I shook my head. I didn't know.

“If you wish,” continued the Lyran, “we will leave and let you deal with these problems on your own, as we did. But you must understand that you may not survive the process. Your world has reached a danger point, and you may destroy the planet before you heal yourselves. Or, if the majority of you prefer, we will stay and teach you what we know. But you must also understand that the knowledge we have to offer carries its own dangers. We will be providing you with tools and technology far greater than any you now possess. If we simply handed them over to you, we have little doubt that you would destroy yourselves within ten years.

“So here is what we propose: In return for our gifts, we ask you to put yourselves in our hands and let
us
care for your world until you are ready to do the job properly. You will have to give up making your own laws, of course. We will do that for you. We will run your schools. We will decide what your factories make. We will distribute the products.

“If you agree, we will give you amazing new tools. We will clean your water and take the poison from your air. We will feed your hungry, clothe your poor, heal your sick.”

She smiled. “Of course, you could do these things yourselves, if you wanted to badly enough. But then, you already know that, don't you?”

The Lyran stopped smiling. “The choice you face is too important to be made by your politicians. It must be made by the people—all the people.” She paused, then added, “This, too, we can make possible.

“Soon, you will fall into a deep sleep. After you do, we will prepare you for the vote. Once that is done, we will leave, so that you can think about our offer. In eight days, we will return. Then it will be time for you to vote. If you reject our offer, we will leave in peace. If you choose to accept, we will begin work immediately.”

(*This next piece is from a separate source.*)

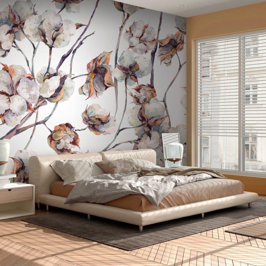 Transformeer je kamer met deze prachtige muurschildering met katoenen bloemen. Stel je voor dat je een gezellige kamer binnenstapt die aanvoelt als een frisse wind! Deze delicate bloemen verzachten de sfeer, waardoor zelfs de zwaarste dagen wat lichter aanvoelen. Bovendien heeft katoen iets heerlijk nostalgisch, zoals herinneringen aan zonnige dagen en een zacht briesje.
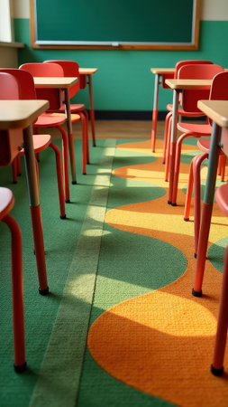 Colorful classroom with red chairs and green accents focused on wavy patterned carpet.

Her voice was kind. Even so, I began to shake as I felt myself grow sleepy. My mother reached out and grabbed my hand.

A moment later we were both sound asleep.

 

When I woke, my palm was itching. Without thinking, I began to scratch it. I felt something strange. Opening my hand to look, I cried out in shock. A strip of blue material stretched across the center of my palm. I ran my finger over it. Though the material was slightly raised, I could find no edge of any kind. It felt like part of my skin, almost as if it had grown there. I raised my hand to look at it more closely. The blue strip was about half an inch wide and an inch long. At each end was a black circle about the size of my fingertip.

Inside one circle was the word YES.

Inside the other it said NO.

Mom woke a few seconds later. She totally freaked when she saw the strip in her hand, of course.

When I finally got her calmed down we walked outside.

The sky was empty.

The Lyrans had gone.

“Do you believe them, Johnny?”

“I don't know, Mom. I don't know what to believe.”

Other people were coming out of their homes. Everyone was talking. Fights broke out—first with words, then with fists. For some weird reason I was glad the Lyrans had gone. It was embarrassing to think of them seeing this.